Mixtape by Logic
- Released: July 1, 2016
- Recorded: 2015–2016
- Genre: Hip-hop; trap;
- Length: 32:24
- Label: Visionary; Def Jam;
- Producer: 6ix (also exec.); Logic (also exec.);

Logic chronology
| The Incredible True Story (2015) | Bobby Tarantino (2016) | Everybody (2017) |

Singles from Bobby Tarantino
- "Flexicution" Released: June 14, 2016; "Wrist" Released: June 24, 2016;

= Bobby Tarantino =

Bobby Tarantino is the fifth mixtape by American rapper Logic. It was released on July 1, 2016, through Visionary Music Group and Def Jam Recordings. It was released to various digital platforms without prior announcement. Bobby Tarantino serves as Logic's first mixtape since Young Sinatra: Welcome to Forever (2013). The mixtape and its production was handled primarily by Logic and 6ix, with the duo focusing on a similar style to that of their previous independent projects, working on reinstating previous elements considered missing from Logic's commercial releases.

Bobby Tarantino was preceded by the release of "Flexicution" and "Wrist", released ten days apart from one another. The mixtape received generally positive reviews from critics, with particular attention being drawn to its production and varied nature, as well as Logic's newly found braggadocio. Criticism was directed at basic lyricism and a lack of depth that was associated with Logic's preceding releases. It was labeled the "perfect fill in for his junior album".

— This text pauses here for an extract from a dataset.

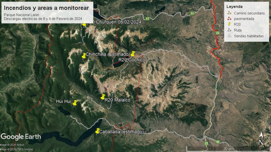 Todos los focos se encuentran en la zona norte del Parque Nacional Lanín. Para la zona, hoy se pronostica un ascenso de la temperatura y un viento leve del sector este. Desde que comenzó el incendio brigadistas trabajan en el terreno, que desde Parque Nacional Lanín lo describen de alta complejidad, por la abundancia de material rodante de árboles de gran tamaño. Por eso, el trabajo que realizan es con herramientas de mano, tándem de motobombas con la colaboración del medio aéreo.

==Background and release==
Upon the conclusion of "The Incredible World Tour" that took place earlier in 2016, Logic announced the future tours of the United States alongside G-Eazy and ProdaG. Dubbing the "Endless Summer Tour", it would feature Yo Gotti and YG as opening acts, with other special guests. The group appeared at 22 shows across the United States, with a singular show in Toronto.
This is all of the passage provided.